PROBLEM DETAILS: Here the job is to transcribe the data verbatim while leaving each picture out.

SUPPLIED MATERIAL:
━━━━━━━━━━
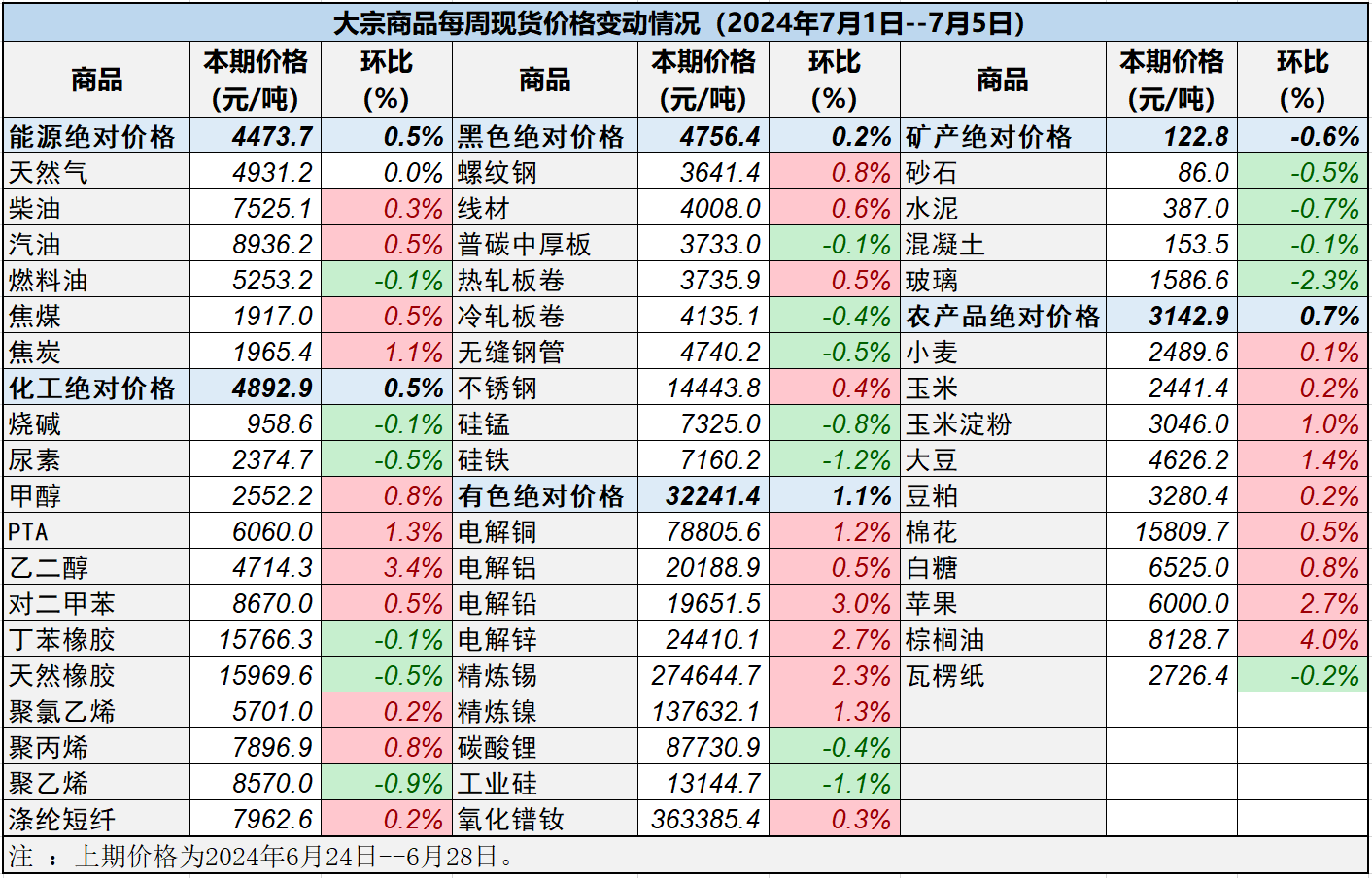 本表所示大宗商品價(jià)格(類別與產(chǎn)品規(guī)格說(shuō)明見(jiàn)附表)為以人民幣計(jì)價(jià)的現(xiàn)貨價(jià)格(包含流通費(fèi)用、利潤(rùn)和稅費(fèi)等)。計(jì)算這些價(jià)格時(shí)使用的信息來(lái)源,主要包括國(guó)內(nèi)重點(diǎn)地區(qū)的生產(chǎn)商、貿(mào)易商及下游消費(fèi)企業(yè)之間的成交、詢報(bào)盤(pán)及可成交價(jià)格。價(jià)格單位為人民幣元/噸。
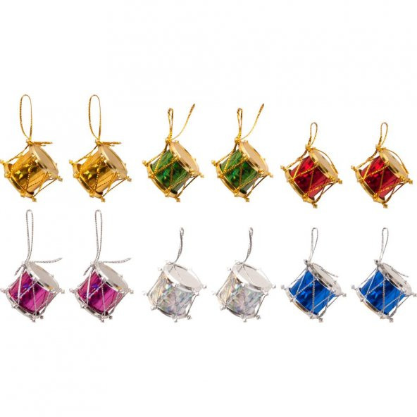 Kikajoy Yılbaşı Çam Ağacı Süsü Renkli Davul 12li
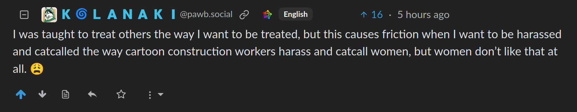 I was taught to treat others the way I want to be treated, but this causes friction when I want to be harassed and catcalled the way cartoon construction workers harass and catcall women, but women don’t like that at all. 😩
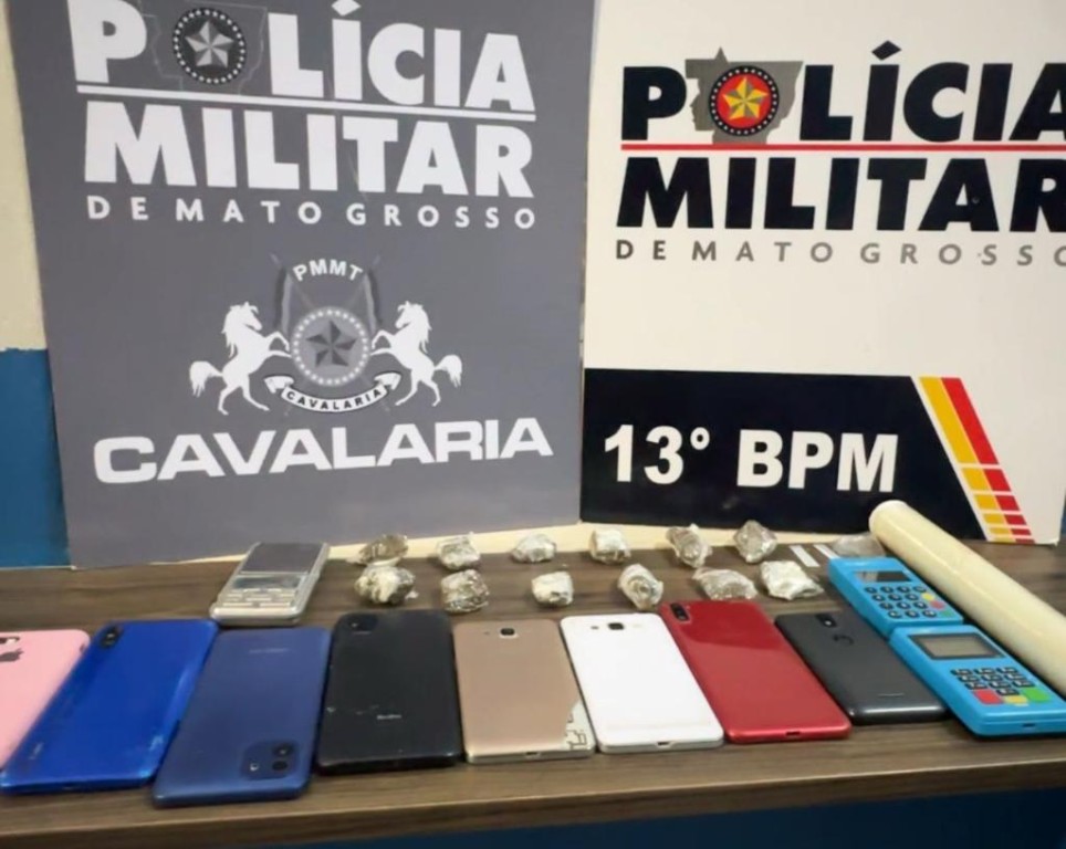 Policiais militares 1º Esquadrão Independente de Policiamento Montado prenderam dois homens, de 26 e 31 anos, por tráfico de drogas, nesta quarta-feira (19.3), no município de Lucas do Rio Verde (333 km de Cuiabá). Os militares apreenderam 12 porções de maconha, duas de cocaína, oito aparelhos celulares, duas máquinas de cartão e uma balança de precisão.
━━━━━━━━━━
WRITTEN SOLUTION:
 本表所示大宗商品價(jià)格(類別與產(chǎn)品規(guī)格說(shuō)明見(jiàn)附表)為以人民幣計(jì)價(jià)的現(xiàn)貨價(jià)格(包含流通費(fèi)用、利潤(rùn)和稅費(fèi)等)。計(jì)算這些價(jià)格時(shí)使用的信息來(lái)源,主要包括國(guó)內(nèi)重點(diǎn)地區(qū)的生產(chǎn)商、貿(mào)易商及下游消費(fèi)企業(yè)之間的成交、詢報(bào)盤(pán)及可成交價(jià)格。價(jià)格單位為人民幣元/噸。
 Kikajoy Yılbaşı Çam Ağacı Süsü Renkli Davul 12li
 I was taught to treat others the way I want to be treated, but this causes friction when I want to be harassed and catcalled the way cartoon construction workers harass and catcall women, but women don’t like that at all. 😩
 Policiais militares 1º Esquadrão Independente de Policiamento Montado prenderam dois homens, de 26 e 31 anos, por tráfico de drogas, nesta quarta-feira (19.3), no município de Lucas do Rio Verde (333 km de Cuiabá). Os militares apreenderam 12 porções de maconha, duas de cocaína, oito aparelhos celulares, duas máquinas de cartão e uma balança de precisão.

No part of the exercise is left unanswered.